→ **Your task**: What is needed is an exact copy of the entries, with the pictures excluded.

→ **Available records**:
╭──

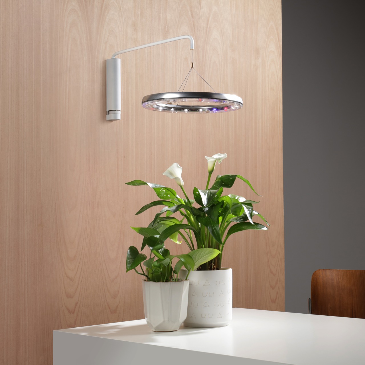 Dostępna w 3 rozmiarach i wśród odmian stojących, stołowych i montowanych na ścianie, CURA to lampa ogrodnicza w kształcie halo, która została zaprojektowana, aby aktywować i promować wzrost roślin. Zasilana diodami LED firmy OSRAM lampa może emitować światło o różnych długościach fal, które pomagają stworzyć odpowiednie warunki wzrostu dla różnych rodzajów roślin. CURA ma ustawienia wstępne, które można wykorzystać do kontrolowania wzrostu ziół i owoców, kwiatów i owoców, roślin ogrodniczych w pomieszczeniach, kiełkowania i innych etapów.
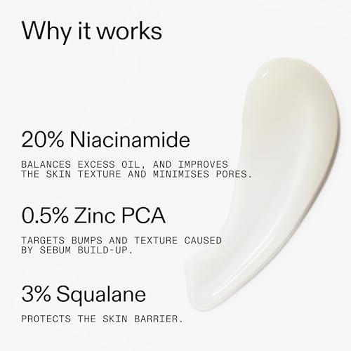 - مكونات قوية - تم إنشاء هذه التركيبة بالشراكة مع أطباء الأمراض الجلدية، حيث تحتوي على أعلى نسبة من النياسيناميد، مما يساعد على تقليل إفراز الزيوت الزائدة طوال اليوم وشد مظهر المسام المتضخمة بفعالية؛ تشمل المكونات الرئيسية الأخرى؛ الزنك بي سي ايه الذي يستهدف تراكم الزهم والسكوالين لحماية حاجز البشرة.
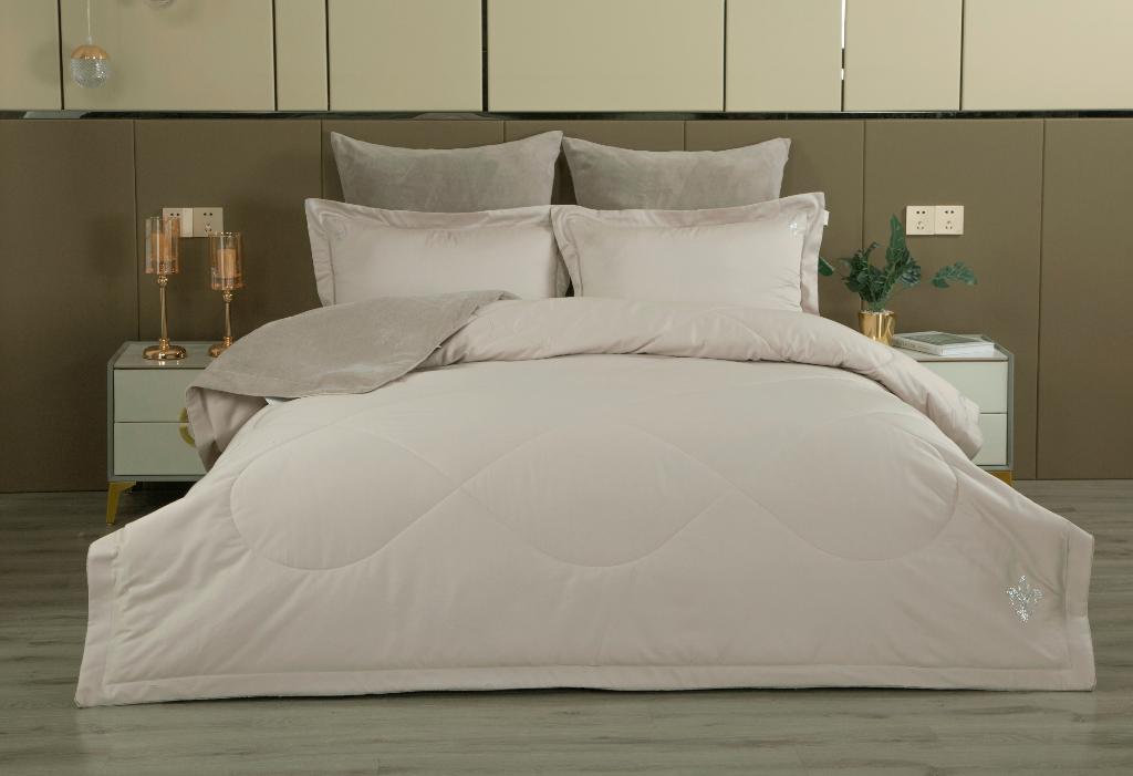 Постельное белье с одеялом "Kazanov.A." Lindor Fluffy (платина бежевый) Велюр/Egypt Cotton, Семейный
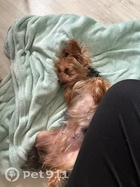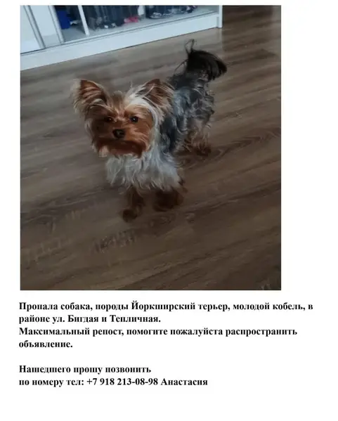 Окрас: черно-раже-белая На голове был хвостик с голубой резиночкой, ошейника не было Собака прибивалась к прохожим, прыгала на ноги и подвывала Она достаточно умная, приучена к пеленкам и прогулкам Очень ручная
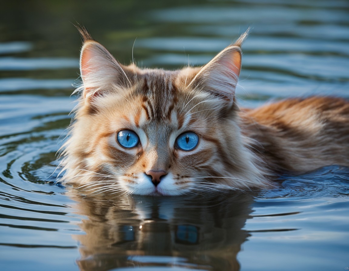A cat with striking blue eyes is floating calmly in the water, with its face just above the surface, creating ripples.
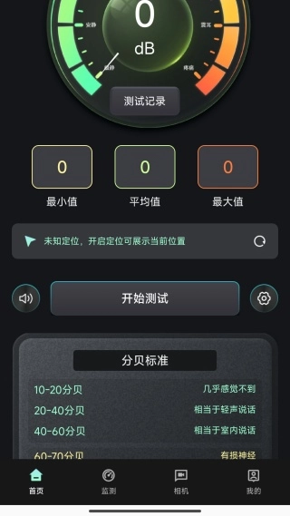 1、首页具备分贝测试与记录功能,可实时呈现测试过程中的最小值、平均值及最大值。

╰──

→ **Response to the task**:
 Dostępna w 3 rozmiarach i wśród odmian stojących, stołowych i montowanych na ścianie, CURA to lampa ogrodnicza w kształcie halo, która została zaprojektowana, aby aktywować i promować wzrost roślin. Zasilana diodami LED firmy OSRAM lampa może emitować światło o różnych długościach fal, które pomagają stworzyć odpowiednie warunki wzrostu dla różnych rodzajów roślin. CURA ma ustawienia wstępne, które można wykorzystać do kontrolowania wzrostu ziół i owoców, kwiatów i owoców, roślin ogrodniczych w pomieszczeniach, kiełkowania i innych etapów.
 - مكونات قوية - تم إنشاء هذه التركيبة بالشراكة مع أطباء الأمراض الجلدية، حيث تحتوي على أعلى نسبة من النياسيناميد، مما يساعد على تقليل إفراز الزيوت الزائدة طوال اليوم وشد مظهر المسام المتضخمة بفعالية؛ تشمل المكونات الرئيسية الأخرى؛ الزنك بي سي ايه الذي يستهدف تراكم الزهم والسكوالين لحماية حاجز البشرة.
 Постельное белье с одеялом "Kazanov.A." Lindor Fluffy (платина бежевый) Велюр/Egypt Cotton, Семейный
 Окрас: черно-раже-белая На голове был хвостик с голубой резиночкой, ошейника не было Собака прибивалась к прохожим, прыгала на ноги и подвывала Она достаточно умная, приучена к пеленкам и прогулкам Очень ручная
A cat with striking blue eyes is floating calmly in the water, with its face just above the surface, creating ripples.
 1、首页具备分贝测试与记录功能,可实时呈现测试过程中的最小值、平均值及最大值。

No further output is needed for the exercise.